STORED HEAT WHOLE WHEAT BATTER
BREAD
 
4 1/2 c. warm water (about 110 degrees)
1 tbsp. each honey and salad oil
2 pkgs. active dry yeast
3 tsp. salt
Non-fat dry milk (amount for 1 qt.)
4 tsp. caraway seed
8 c. stone-ground whole wheat flour

Pour the water into a large bowl and add honey and oil. Allow to stand a few minutes and then stir in yeast. Stir in salt and dry milk, then add caraway seed and flour. Stir with a wooden spoon until thoroughly combined. Cover.

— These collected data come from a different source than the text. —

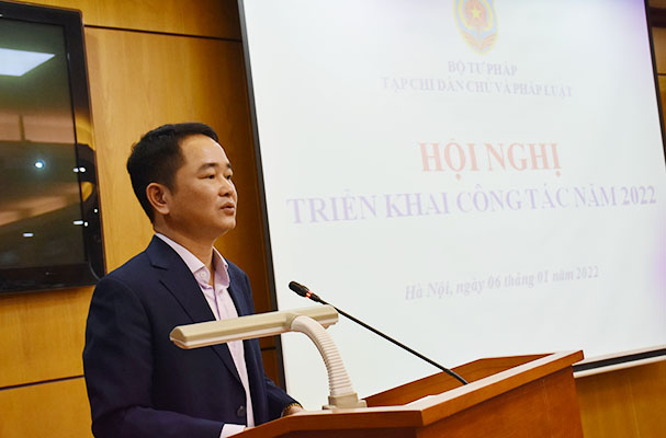 Báo cáo tại Hội nghị, đồng chí Vũ Hoài Nam cho biết, năm 2021, trước tình hình dịch bệnh Covid – 19 diễn biến phức tạp, Tạp chí Dân chủ và Pháp luật đã chủ động đổi mới toàn diện trong phương thức hoạt động, đẩy mạnh ứng dụng công nghệ thông tin, đặc biệt là đổi mới cách thức tổ chức nội dung các ấn phẩm, tổ chức xuất bản và phát hành ấn phẩm, góp phần hoàn thành xuất sắc các nhiệm vụ đã đề ra trong Kế hoạch công tác năm.
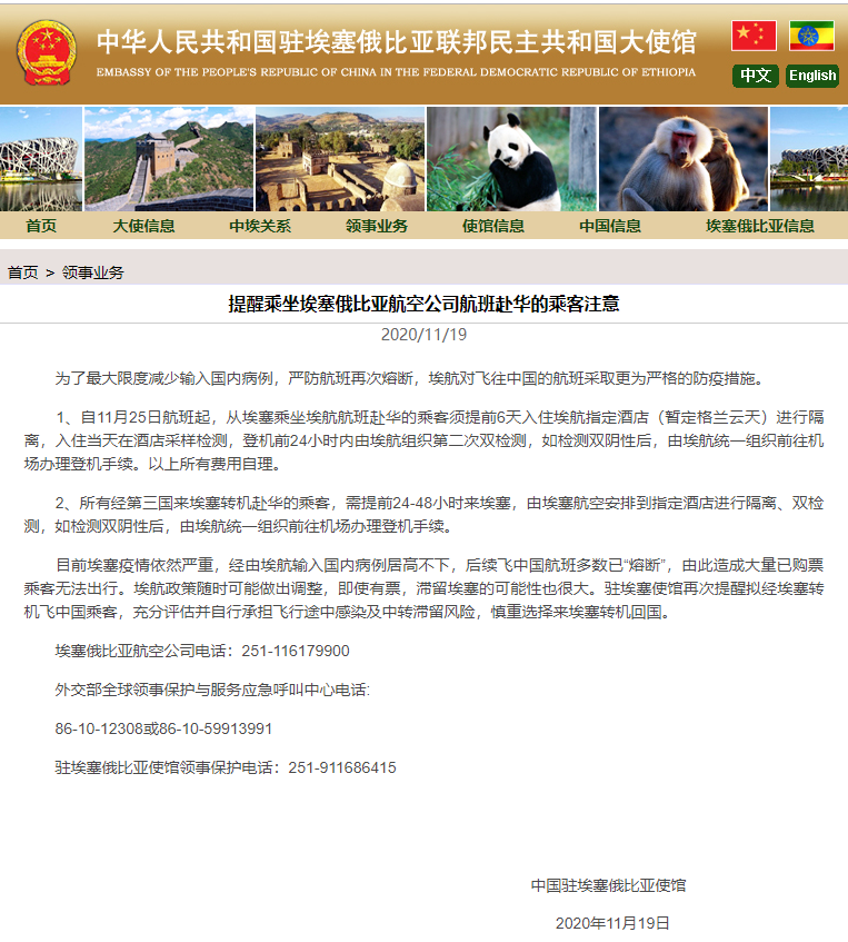 11月19日,中國駐埃塞俄比亞大使館發佈領事提醒:
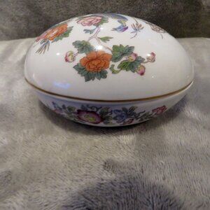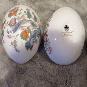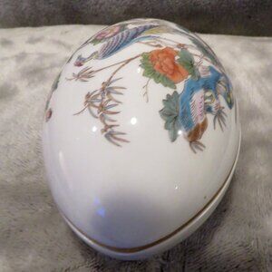 Wedgwood Kutani Crane Small Egg Shape Lidded China Trinket Dish Made in England
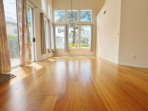 Welcome to this bright and cozy 3-bedroom home in the heart of Costa Brava! Step through the gated front courtyard and into a warm, open space with nearly 20-foot high ceilings and beautiful wood floors on the main level. The layout is perfect for flexible living, with a convenient bedroom and full bath downstairs and two spacious master suites upstairs each featuring a generous bathtub for ultimate relaxation. The main master suite is a true retreat, boasting a spa-like bathroom with a large double-sink vanity, a separate walk-in shower, and a luxurious soaking tub. The extra-large backyard is beautifully landscaped with pavers and mature plants perfect for relaxing or entertaining. Ideally located close to parks, schools, the lagoon trail, golf, and the SF Ferry. Plus, enjoy access to a community pool and park. Come see why this Costa Brava gem feels like home! Renters are responsible for all utilities. No smoking allowed.
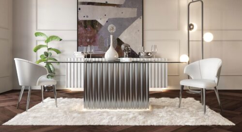 • Mesa de comedor con base ondulada plateada y sobre de cristal
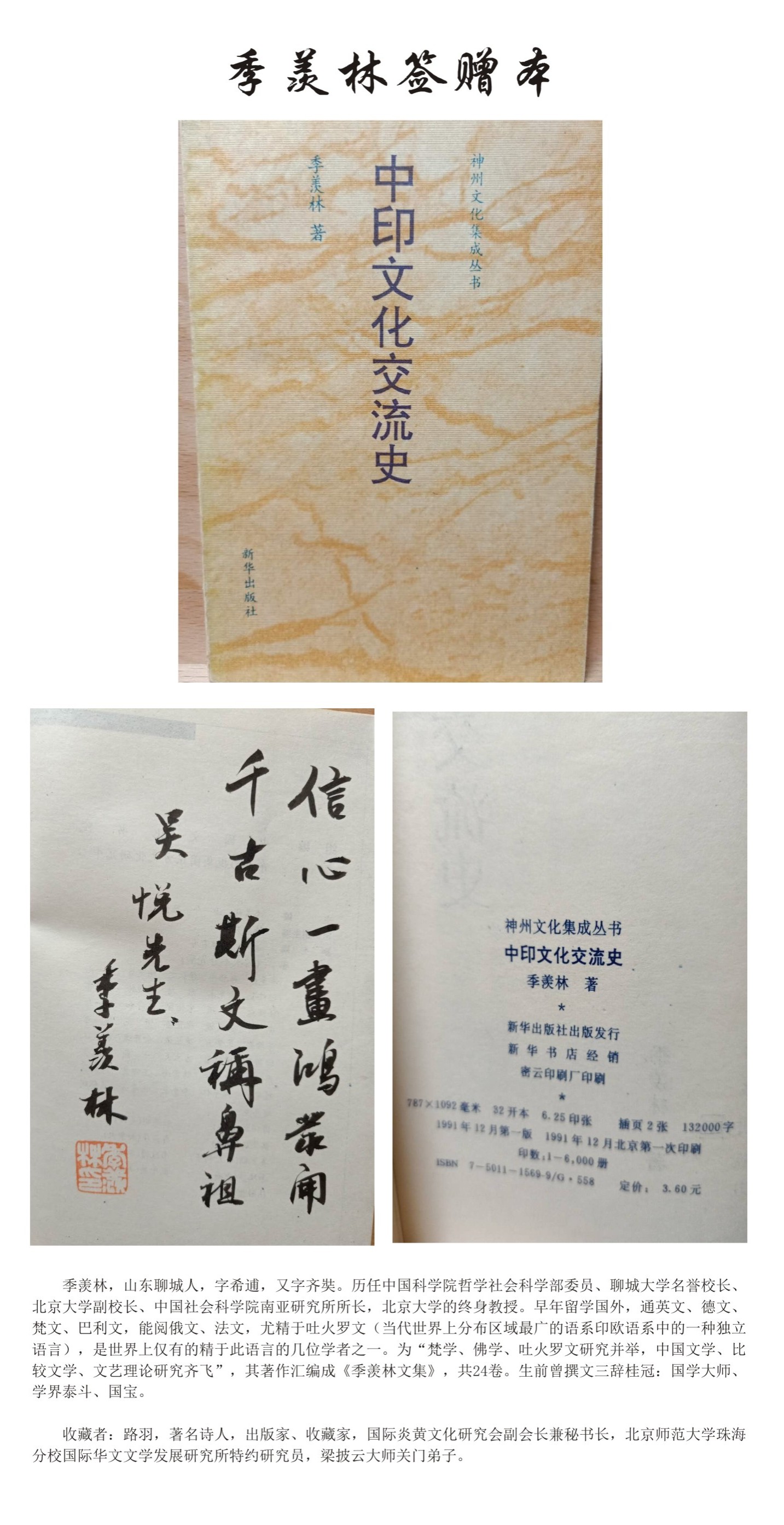 名人签赠本——季羡林

Turn oven to lowest setting, about 150 degrees, for 1 1/2 minutes; then turn oven off and place bowl in the oven; close door. Allow to rest for about 15 minutes.

Cut through batter and then beat to drive out gases.

Generously grease two 5x9 inch loaf pans and divide batter evenly between them. Cover lightly with greased foil. Again turn oven on to lowest setting for 1 1/2 minutes, turn oven off, and place pans in oven. Close door. Allow to rise 15 to 20 minutes, or until batter almost fills the pans. Remove from oven, remove foil, and preheat the oven to 375 degrees.

Bake bread 25 minutes, then turn off oven (don't open door), and leave bread to bake another 30 minutes or until loaves are well browned and sound hollow when tapped. Turn loaves onto a rack to cool. Makes 2 loaves.